In the aforementioned web article Adobe stated market conditions, wherein they say that majority of Frame users are on Windows and Sun Solaris platforms (so much for being cross-platformed). If what they say is true, then probably the users of Frame are quite few on all platforms that it caused them to sadly put down Framemaker for Macintosh.

Interestingly, Paul Findon seem to have organized a petition website in order to bring back Framemaker for Macintosh ( I could say that his task is so noble that Adobe should really listen to his and all Frame users’ calls. Time will tell if Adobe will listen, but Paul Findon’s call will reverberate through time along with the voices of the purely few fantastic users of Framemaker.

Framemaker is a very excellent application. And it has everything in it, perhaps even more, to make a name for itself in the publishing industry. Framemaker worked for me and I’m sure it will work for many layout artists. I hope Adobe brings back Framemaker for Macintosh.

Tuesday, May 1, 2007

The Clashing Giants of Page Layout

Two well-known page layout programs, InDesign and QuarkXpress are on a neck-to-neck race in winning the admiration of page layout artists around the globe, and in winning the admiration of this compositor from Datagrafix, Inc.

Competition between QuarkXpress and InDesign during the 1990s was mostly dominated by Xpress. And it should since it was able to introduce nice features of layout automation (from third parties like KyTek: Autopage extension developer) that speeds up workflow. But that was during the 1990s and the first quarter of 2000. Now, InDesign is dominating the page layout scene.

Don’t get me wrong. I am not against QuarkXpress. In fact, I’m an avid fan of this software since it’s the very first page-layout program that I’ve been able to use during my earliest publishing stint. InDesign 1.0 is a far cry from QuarkXpress at that time. Quarks’ laid-back attitude though marked its losing streak after the first quarter.

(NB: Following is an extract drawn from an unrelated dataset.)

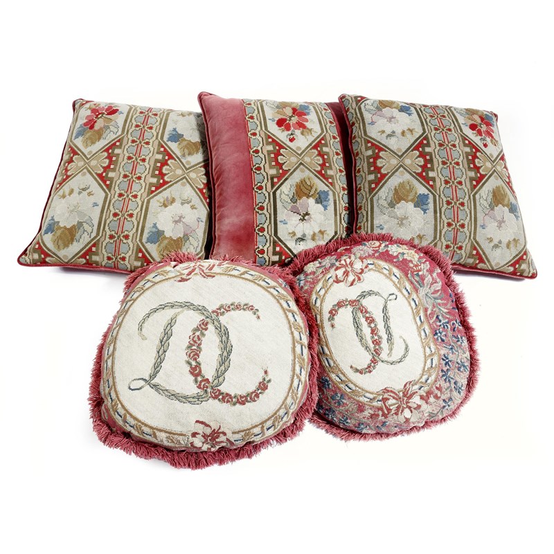 Two needlework cushions, formerly seat covers, worked with a ribbon tied cartouche with interlaced initials 'D C', together with three tapestry and velvet cushions, 53cm wide. (5)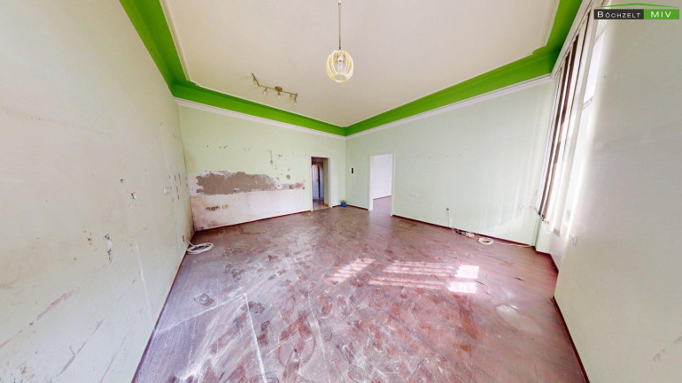 Zum Verkauf gelangt eine sanierungsbedürftige Wohnung im 1. Obergeschoss einer charmanten Stadtvilla in der Badgasse 11. Die Netto-Wohnfläche beträgt rund 72,0 m² und verteilt sich auf eine große Wohnküche, zwei Schlafzimmer sowie Nebenräume. Hohe Raumhöhen von rund 3,1 m bis 3,2 m unterstreichen den typischen Altbaucharakter und bieten viel Gestaltungspotenzial für eine ansprechende Sanierung. Die Wohnung befindet sich in einfachem, deutlich modernisierungsbedürftigem Zustand und eignet sich daher ideal für Käufer, die ihr neues Zuhause nach eigenen Vorstellungen gestalten möchten oder die Wohnung nach Sanierung als Anlageobjekt nutzen wollen. Durch die Lage im 1. Obergeschoss ist die Einheit gut erreichbar, gleichzeitig profitieren Sie von einer angenehmen Distanz zum Straßenraum.

QuarkXpress is not a perfect page layout program. As the publishing industry’s needs changes, so should the applications that it employs. Adobe InDesign developers clairvoyantly knew that. So they enhanced InDesign in the Creative Suite (CS) version. The Suite not only re-introduced InDesign, it also demonstrated how efficiently InDesign integrates with Photoshop and Illustrator. Something that QuarkXpress lacks. (I seem to find the on-screen colors of images in QuarkXpress different in Photoshop, but that’s another story). The Suite improved the figure of InDesign in the market, alarming the laid-back QuarkXpress giant. In defense (thank God they’re not sleeping), Quark released QuarkXpress 7 which is good and has helped them once again leap into the scene.

Still, Adobe has one advantage over Quark. Adobe listens to its customers and with that, it releases InDesign CS3. (Please read Michael Murphy’s article: Interestingly, this new version has the Cross-media Export feature that helps in some way produce an XHTML version of a page layout. In Michael Murphy’s article in, it is likely that InDesign is striving hard to create a Print-to-Web page layout program. I can’t wait to have a feel of the new InDesign CS3 and considering that I live in the Philippines, maybe it will be quite some time before it will be released here as of this writing.